С листа и без команды

We use cookies. Read the Privacy and Cookie Policy

С листа и без команды

Как отмечает Р. А. Медведев, «число новых людей, которых Владимир Владимирович привел с собой в первые месяцы в аппараты Кремля и Белого дома, было невелико, и эти люди не имели еще ни опыта, ни авторитета. Они не составили еще политическую команду, сходную хотя бы в чем-то с той, которую Борис Ельцин привел во власть в 1991 году. Можно согласиться и с тем, что в той почти бесплодной кремлевской среде, в том «дворцовом» коллективе, в котором с 1996-го работал Путин, он был относительно одинок. При этом он даже не старался особенно выделяться: так было легче жить и работать»[37].

Это наблюдение недалеко от истины.
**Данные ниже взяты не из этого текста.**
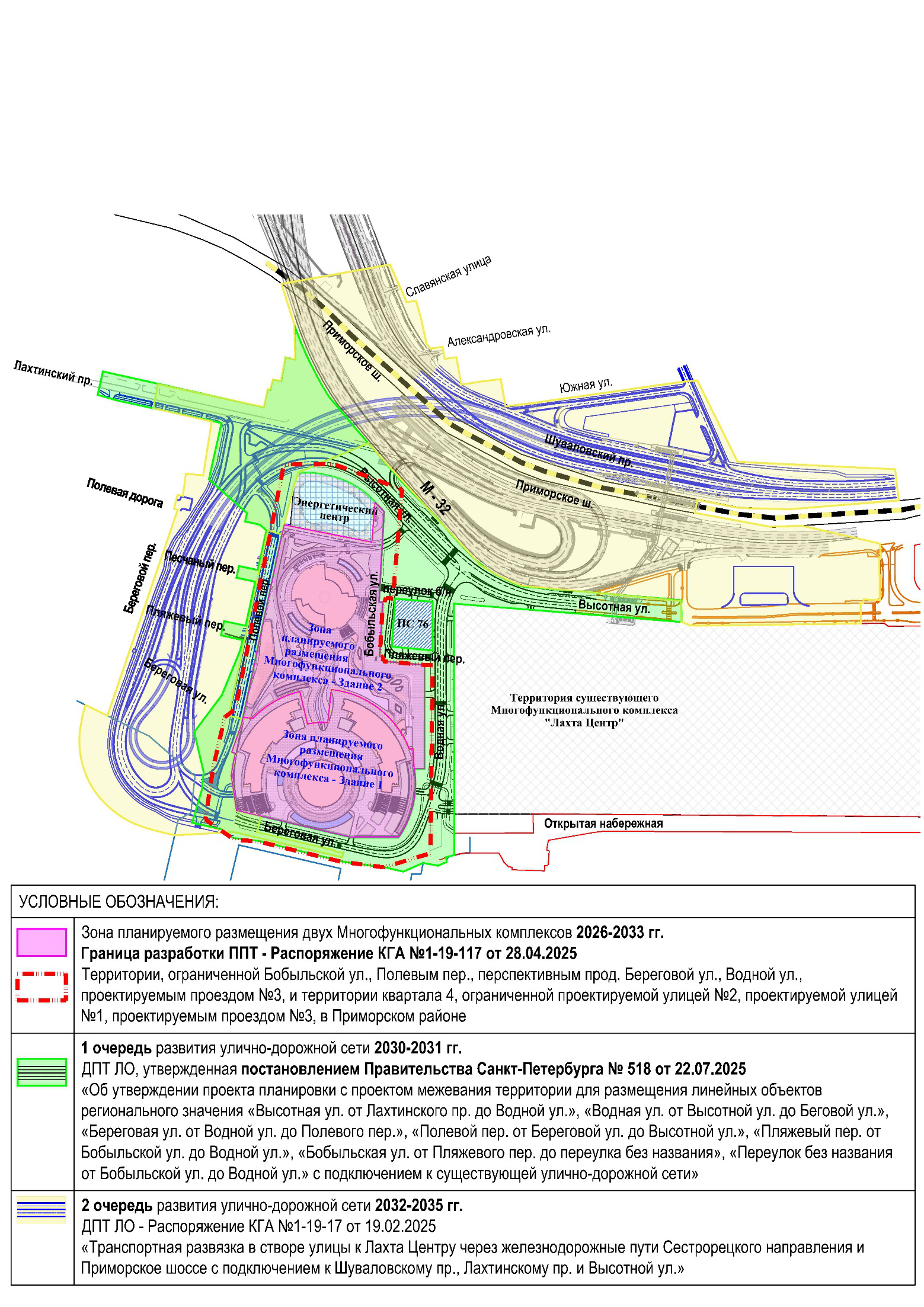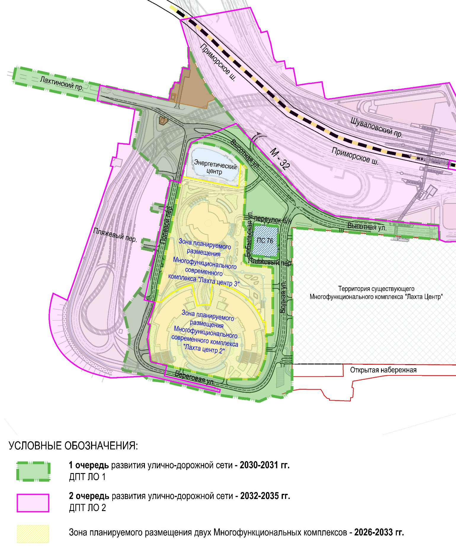 Вторая очередь (2032–2035 годы) предусматривает строительство транспортной развязки через железнодорожные пути Сестрорецкого направления, а также развитие Приморского шоссе с подключением к Шуваловскому и Лахтинскому проспектам и Высотной улице. Полноценную связь с городской сетью обеспечит путепровод магистрали М-32.
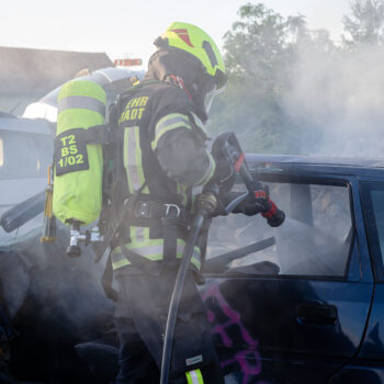 Wenige Augenblicke nachdem die Puppe gerettet wurde, fing das andere Fahrzeug, welches am Unfall beteiligt war, zum Brennen an. Der bereitgestellte Brandschutz dämmte den Brand zu nächst ein, bis ein Atemschutztrupp das Feuer rasch löschte.
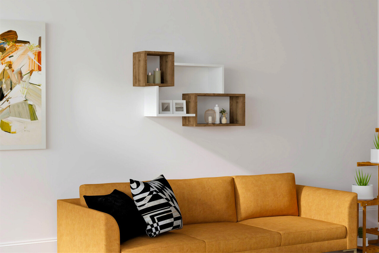 Raft de perete, Puqa Design, Afro, PAL, Alb/Maro
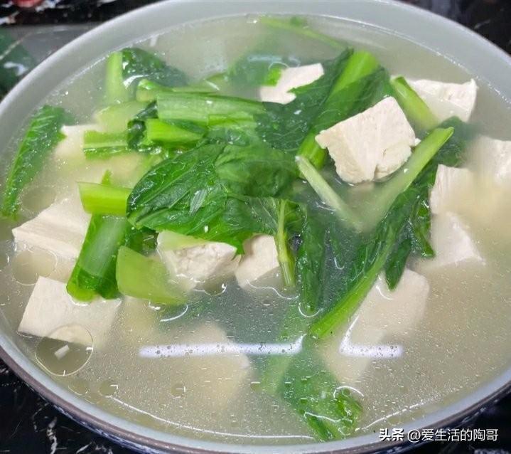 豆腐口感細膩,熱量不高。搭配小白菜一起做湯喝,顏色好看,味道清淡,熱量不高,飽腹感強。
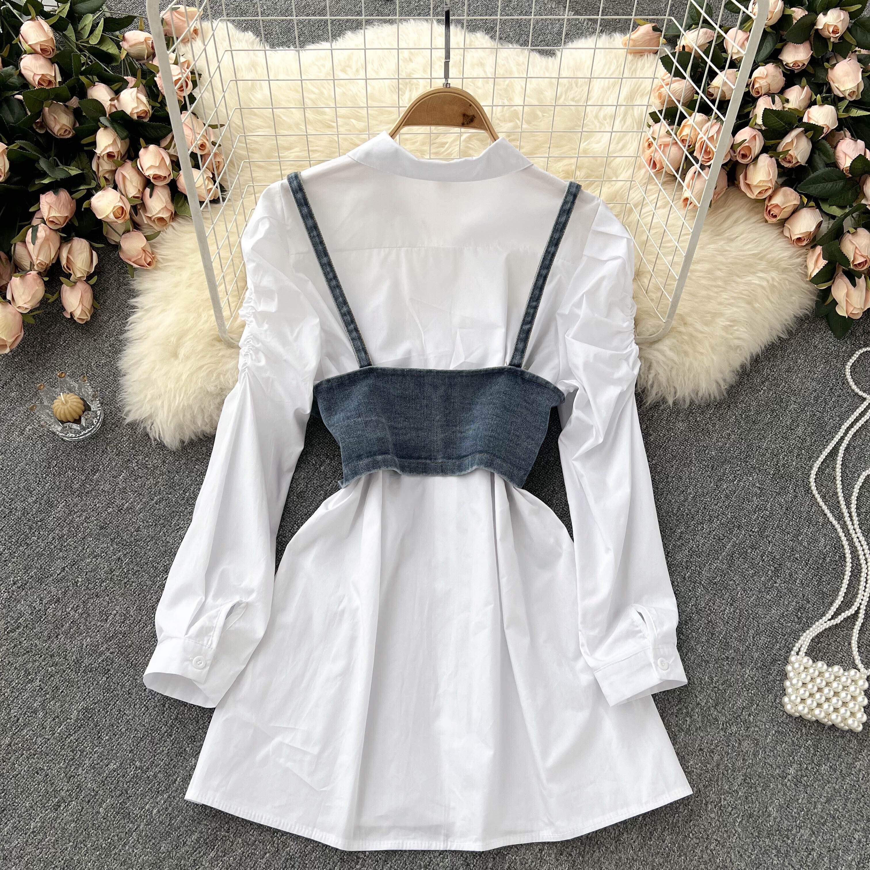 2022年春の新作ラペルパフスリーブホワイトシャツレディース+スプライシングデニムスリングアウターウェアリングウエスタンスタイルツーピースセット スプリング 春物 lyxaj36656349845
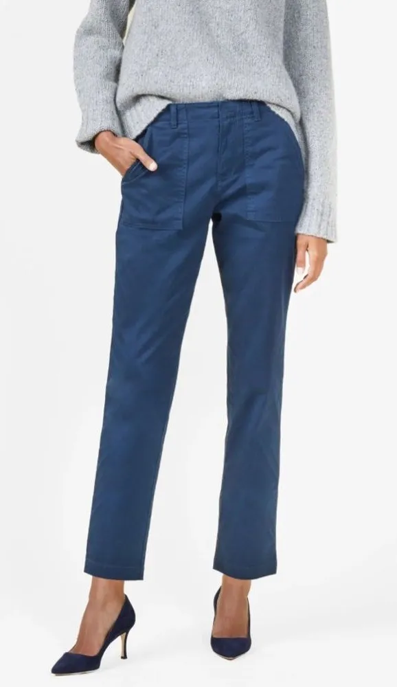 New! Women’s size 4 Outerknown Emory Stretch Utility chino pants. Organic cotton material, color is Ink (navy blue). Approximate flat lay measurement: Inseam: 26in Rise: 10.5in Waist laying flat: 15in
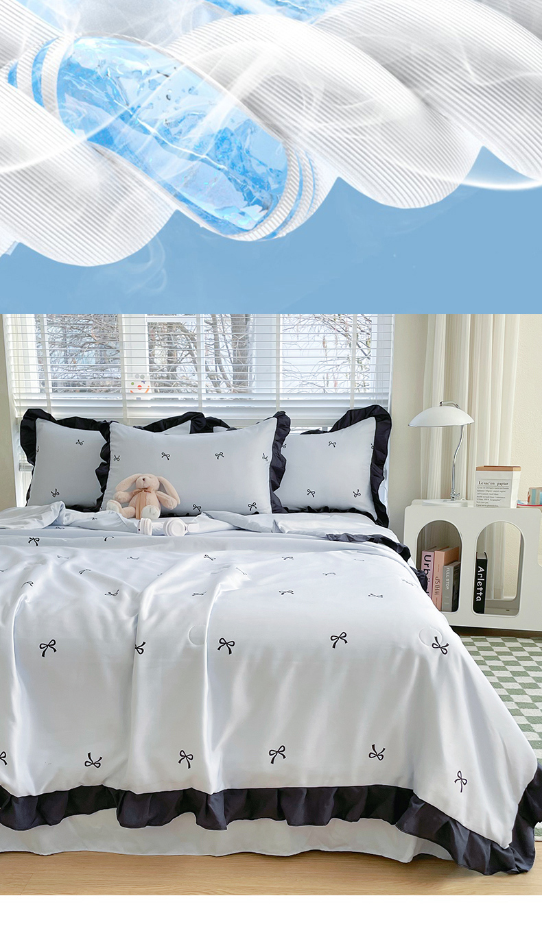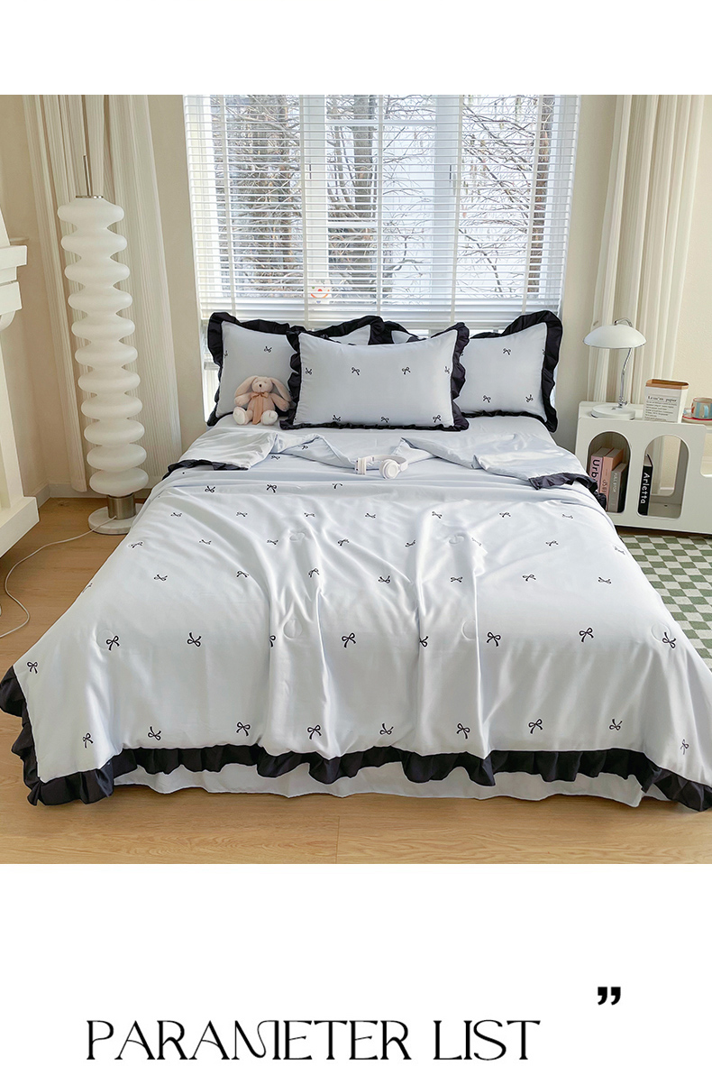 绣女坊 2025新款水洗天丝夏被四件套 蓝色蝴蝶结
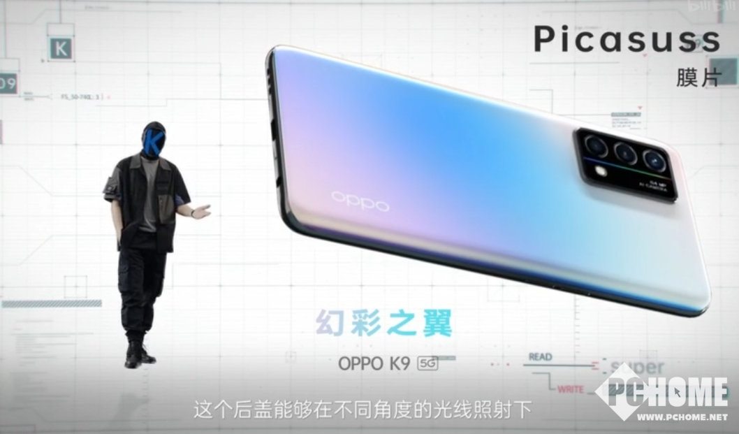 配色方面,OPPO K9手机提供了黑桃K和幻彩之翼两款定制配色,其中幻彩之翼采用Picasuss膜片,后盖能够在不同角度的光线照射下,反射出极具梦幻的色彩。黑桃K背面的09-K大字符及条形纹样,独特而张扬。在摄像头模组旁,还埋了一条流光彩带,能够通过反光形成彩虹一般的线条,个性十足。

Когда через месяц после его назначения на должность и. о. президента Путина попросили назвать людей, которых он мог бы включить в свою команду по управлению страной, кому он доверяет, с кем он в состоянии испытывать чувство локтя, и. о. главы государства с трудом смог назвать всего только пять человек – С. Иванов, Н. Патрушев, Д. Медведев, А. Кудрин и И. Сечин, – ни один из которых за всю свою служебную карьеру ничем особенным не проявил себя в управленческой сфере.

Отдавая себе отчет в том, что это совсем не команда, а скорее то, что называется друзьями, Путин обратился за помощью к политтехнологам, а те выстроили для него такую программу действий по годам: «Первый год – формирование целей, команды, второй год и половина третьего – поэтапное достижение конкретных результатов, конец третьего – начало четвертого – предъявление этих результатов и вхождение в следующую избирательную кампанию»[38].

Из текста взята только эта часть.